NERSC Readying for Delivery of Cori Phase 2 Knights Landing-Based System in July

June 21, 2016

June 21 — For the past year, staff at the Department of Energy’s National Energy Research Scientific Computing Center (NERSC) have been preparing users of 20 leading science applications for the arrival of the second phase of its newest supercomputer, Cori. Cori consists of more than 9,300 nodes containing Intel’s Xeon Phi Knights Landing processor, which was officially unveiled today, June 20, at the International Supercomputer Conference in Germany. The first compute cabinets are scheduled to arrive in July.

When fully installed, Cori will be the largest system for open science based on Knights Landing processors. The Knights Landing nodes will comprise phase two of the Cori system.

To ensure that a significant number of its 6,000 users could make the most effective use of this new manycore architecture, NERSC staff selected 20 leading applications for the NERSC Exascale Scientific Applications Program (NESAP), a collaborative effort that partners NERSC, Intel and Cray experts with code teams across the U.S. Lessons learned from working with the 20 NESAP codes are being used to develop an optimization strategy that the rest of the user base can quickly adopt.

NERSC staff will be presenting five papers at the Intel Xeon Phi User Group (IXPUG) workshop at the International Supercomputer Conference in Frankfurt on Thursday, June 23. The papers cover the general optimization strategy and applications EMGEO, MFDN, Chroma/QPhiX, WARP and BerkeleyGW. Details on these applications can be found in the case studies area of the NERSC website.

“Application readiness efforts are critical for enabling ground-breaking science on our HPC systems as we move toward exascale. For the past year we’ve been working with these 20 teams to optimize their codes for Cori so that when the machine arrives they are ready to take advantage of the many capabilities the new hardware offers,” said Jack Deslippe, head of NERSC’s Application Performance Group. “As the primary computing center for DOE’s Office of Science, we have an understanding of a broad user base utilizing over 600 apps at NERSC, as well as strong working relationships with Cray and Intel. This puts us in a unique position to provide a venue for computational scientists to engage industry experts around application optimization and to come up with optimization strategies that scale to the wider HPC community.”
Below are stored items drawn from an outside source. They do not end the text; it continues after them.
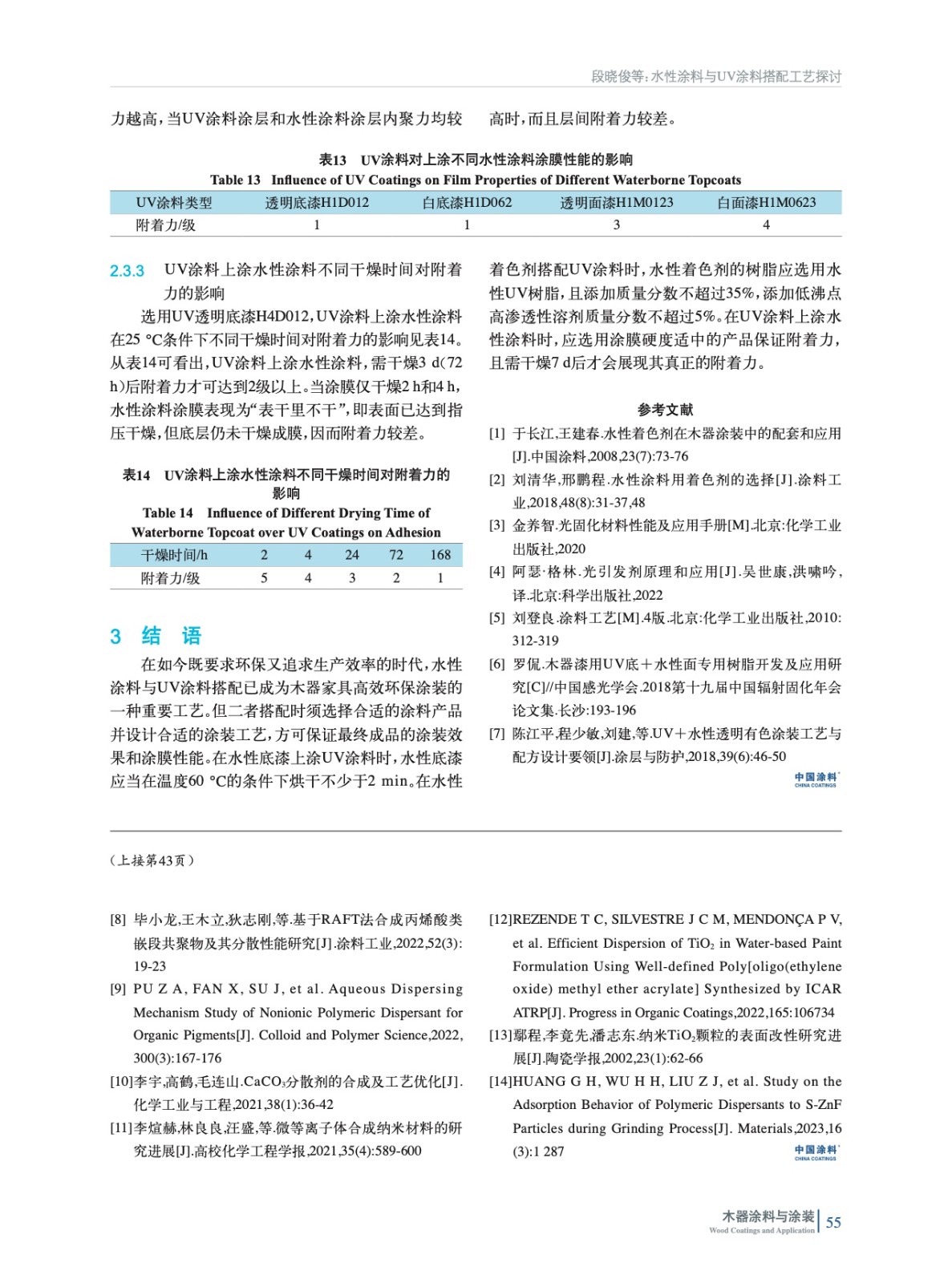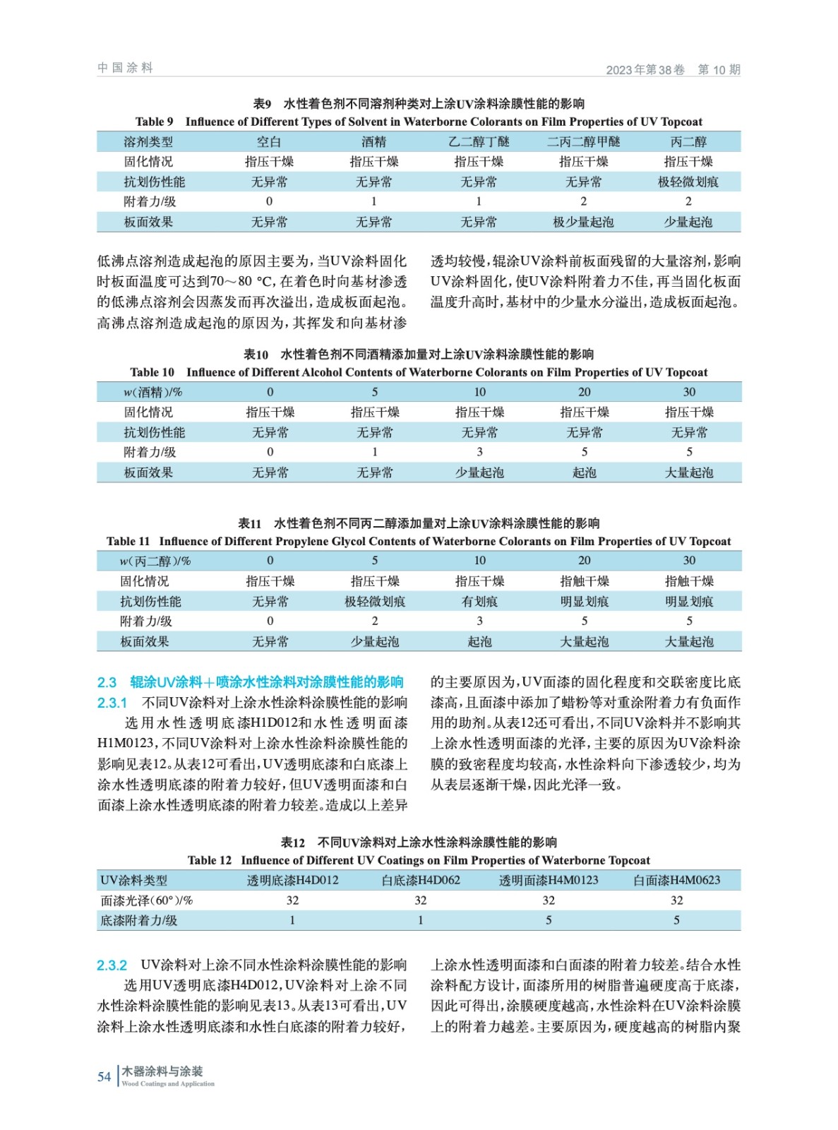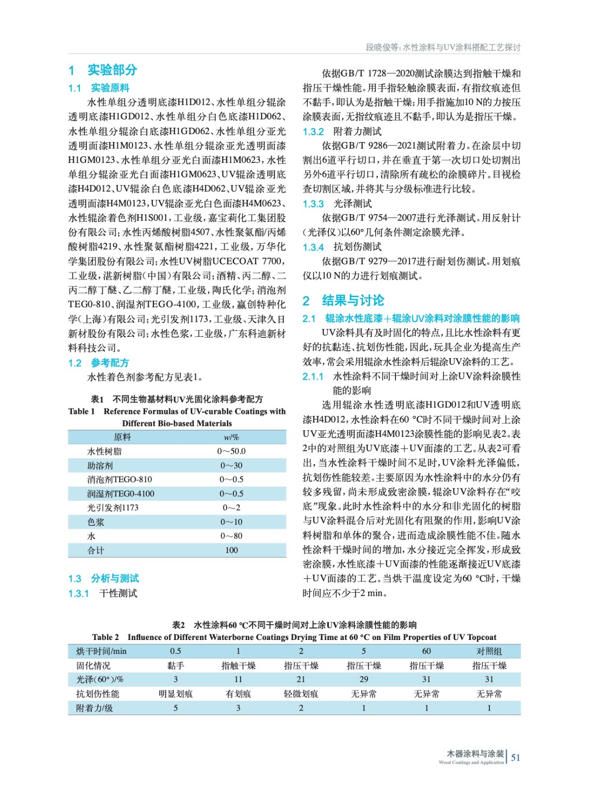 摘要:設(shè)計(jì)了水性底漆+上涂UV涂料、水性涂料著色劑+上涂UV涂料和UV涂料+上涂水性涂料3種涂裝工藝,探明了不同水性涂料、水性涂料中不同成分和不同過(guò)程控制參數(shù)對(duì)涂膜光澤、抗劃傷、起泡情況、附著力等性能的影響規(guī)律。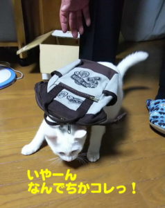 友達にもらった誕生日プレゼントのダヤン。 ミニリュック型のポーチだったので、ゆきに背負わせてみました。 ま、予想はしたけど超嫌がられましたわ(笑) やっぱり猫には無理か。 で、その後でんの背中に乗せたら なんの反応も無い・・・ ちょっとは驚くとか何とかさぁ・・・ まぁ、ゆきは肩紐かけさせたけど でんは乗っけただけだったからね。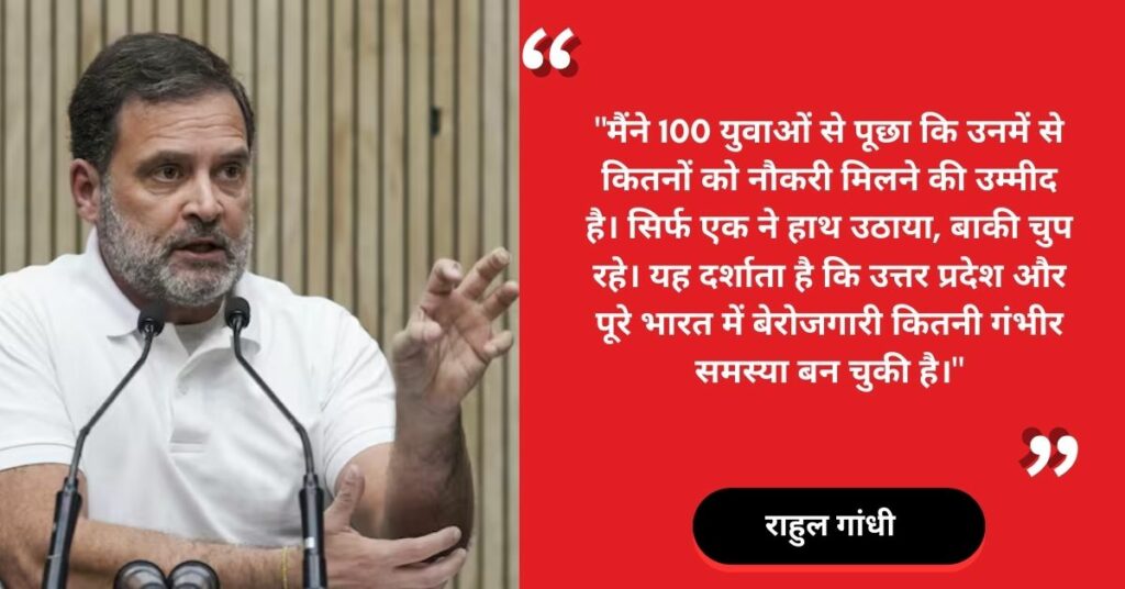 राहुल गांधी ने उत्तर प्रदेश में बढ़ती बेरोजगारी पर भी सरकार को घेरा। उन्होंने कहा कि आज राज्य में 99% युवा मानते हैं कि उन्हें नौकरी नहीं मिलेगी।उन्होंने दावा किया कि मोदी सरकार ने निजीकरण और पूंजीपतियों के पक्ष में नीतियां बनाकर गरीब और दलित युवाओं के लिए नौकरियों के अवसर खत्म कर दिए हैं।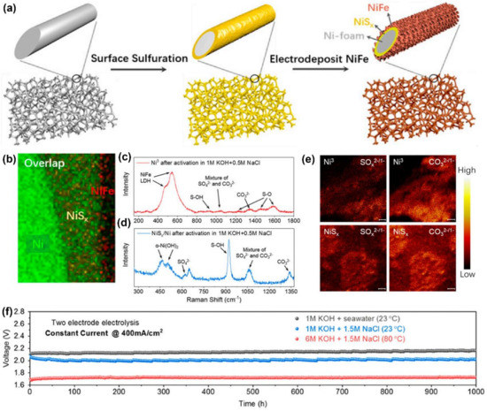 Kuang et al. [83] developed a low-cost electrode (NiFe/NiSx-Ni foam) for seawater electrolysis without chloride corrosion. The NiSx covering layer on Ni foam was synthesized by a solvothermal process. Then, NiFe hydroxide was electrodeposited by reducing the nitrate from a mixed solution of nickel and iron nitrate (Figure 6a). The image of cross-section element mapping showed that a NiSx layer (about 1 to 2 μm) was coated on the Ni foam, and a NiFe layer (about 200 nm thick) was formed on the NiSx layer (Figure 6b). After anodic activation, about 0.3 V overpotential was added to the NiFe/NiSx-Ni foam anode to reach 400 mA cm−2 in an alkaline simulated seawater electrolyte, which was much lower than that used for the oxidation of chloride to hypochlorite (0.49 V). Stability tests showed that the introduction of a NiSx polyanion layer could greatly improve the ability to resist chlorine corrosion. Raman spectroscopy revealed that the activation/passivation treatment of NiFe/NiSx-Ni foam resulted in transient etching; consequently, the polyanions were passivated through the layer of the anode (Figure 6c,d). The excellent OER performance and corrosion resistance of NiFe/NiSx-Ni foam to Cl− was derived from the sulfate and carbonate intercalated NiFe hydroxide catalyst layer and the underlying sulfate-rich anodized NiSx layer. The activated/passivated NiFe/NiSx-Ni foam anode was assembled with an active HER cathode (Ni-NiO-Cr2O3) to form a two-electrode alkaline seawater electrolyzer. This seawater electrolyzer could operate stably under high temperatures and concentrated base conditions (typically used in industry), only needing 1.72 V to achieve 400 mA cm−2 in 6 M KOH + 1.5 M NaCl at 80 °C for over 1000 h (Figure 6e,f).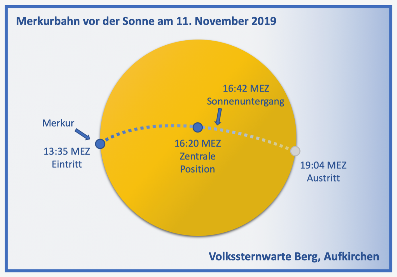 Gleichzeitig mit dem Faschingsbeginn und dem Martinstag heute, am 11.11., gibt es am Nachmittag ein astronomisches „Schmankerl“ auf der Berger Sternwarte zu sehen: einen Merkurtransit! Was für ein Glück, dass wir so ein Juwel wie die Sternwarte in unserer Gemeinde haben – nun heißt es Daumen drücken, dass das Wetter mitspielt …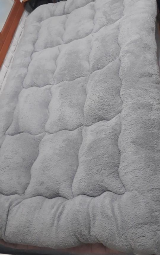 침대에 깔아 보았습니다 푹신한게 따뜻해 보이긴 하네요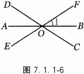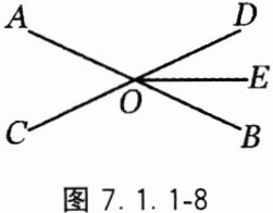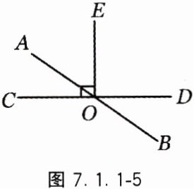 6. 如图 7.1.1-5,直线 $AB$ 与 $CD$ 相交于点 $O$,且 $\angle COE = 90^{\circ}$.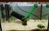 Ich gebs zu, ja, der mitgelieferte Filter ist eher für kieslose Becken gedacht. Ich habe den Filter links in die Ecke gepappt und unter der Schwammpatrone den Kies bis auf ca. 5 mm weggeschoben. Faulheit eigentlich. Denn für meinen noch viel niedrigeren 10l Cube habe ich den gleichen Filter in Nutzung, da habe ich das Luftheberröhrchen einfach um 50% gekürzt, passt!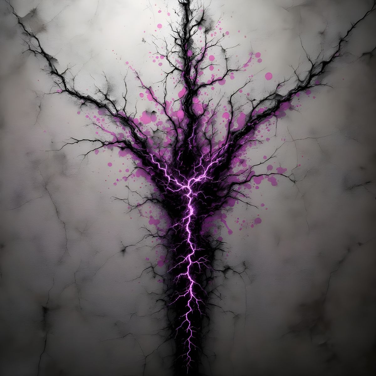 This haunting artwork captures a downward spiral of mental fragility, with a cracked, eroded background and a vein-like structure that glows with a faint, poisoned light. Distorted typography and oil-slick colors add to the sense of despair and desperation.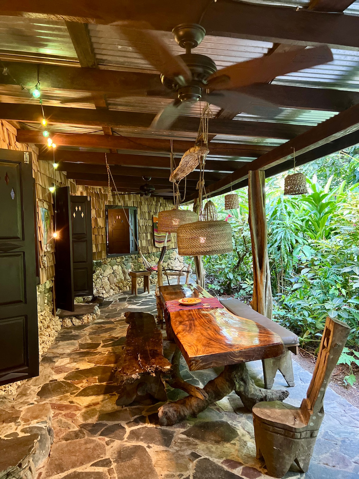 Stay in a whimsical bungalow under the trees, designed to bring the outside in. The walls of the home are semi-enclosed halfway up and screened above, making your stay comfortable and luxurious yet full of nature which is why we all enjoy Bocas. Offering a fully equipped kitchen, two queen size bedrooms, large main living area and creative stone and seashell shower. Here you can enjoy silence in nature. From your front door, walk 50 feet to the sea and relax or surf at Tigertail beach.

Under NESAP, a member of NERSC’s Application Readiness team assists the application teams with code profiling and optimization. Team members have also held a series of “dungeon sessions” with Intel and Cray engineers to optimize the codes. The resulting optimizations have been tested using nine Xeon Phi processor nodes installed at NERSC.

“Optimization is not always a straightforward process, so we’ve set up a system to help keep users from getting lost in the weeds,” Deslippe said. “A number of the applications are ready now and we’re making progress on the others. This process we’ve set up can be used by nearly all of the 600 projects running at NERSC.”

NERSC frames the optimization process around the roofline performance model developed at Berkeley Lab. This sets expectations for what performance a developer can expect from their algorithm and which features of the Xeon Phi processor they should target:

  • Thread/process scaling across the 68 cores and 272 hardware threads available on each KNL processor
  • Vector parallelism which enables 32 flops per every cycle across two VPUs (vector processing units) on each core
  • 16GB of on chip MCDRAM (volatile memory) that can be used to accelerate memory bandwidth sensitive applications

Over the last year, NERSC has been gaining experience exploiting the Xeon Phi hardware. NERSC is a central point for collating this experience and sharing it with the user community. In addition to NERSC staff expertise, other resources available to the community include:

  • Training sessions that include multi-day hands-on sessions as well as shorter online presentations
  • A series of case studies for the codes being optimized and ported
  • A library of tools to support optimization and porting

Different applications tend to require different optimization approaches. Though NERSC staff only recently gained access to Knight’s Landing processors, a number of optimized applications are already projected to perform well on the Cori system; the QCD code Chroma, for example, is expected to perform twice as well on the Cori Phase 2 compared to the Haswell-based Phase 1 system.

Here is an overview of two of the applications that have been optimized for the Knights Landing architecture:

WARP: One example where NESAP efforts have paid off is in the accelerator modeling application, WARP, which uses a Particle In Cell (PIC) approach utilizing the PICsar mini-app/library. WARP developers at Berkeley Lab worked closely with NERSC staff as well as engineers at Cray and Intel for over a year to optimize the application targeting the Cori Phase 2 system. Improvements included algorithmic changes to increase data-reuse in cache and MCDRAM on Knights Landing. Activity peaked in a “dungeon session” aimed at improving the effective use of the large KNL vector units within PICsar and has been accelerated due to efforts by NESAP post-doc Mathieu Lobet. Without optimization, PICsar performance on Cori Phase 2 nodes was expected to lag behind the Intel Haswell-based Phase 1 nodes by a factor of 3. With optimization, Cori Phase 2 nodes are projected to out-perform Phase 2 nodes for the key sparse-matrix math kernels in MFDN, with more optimization in the works.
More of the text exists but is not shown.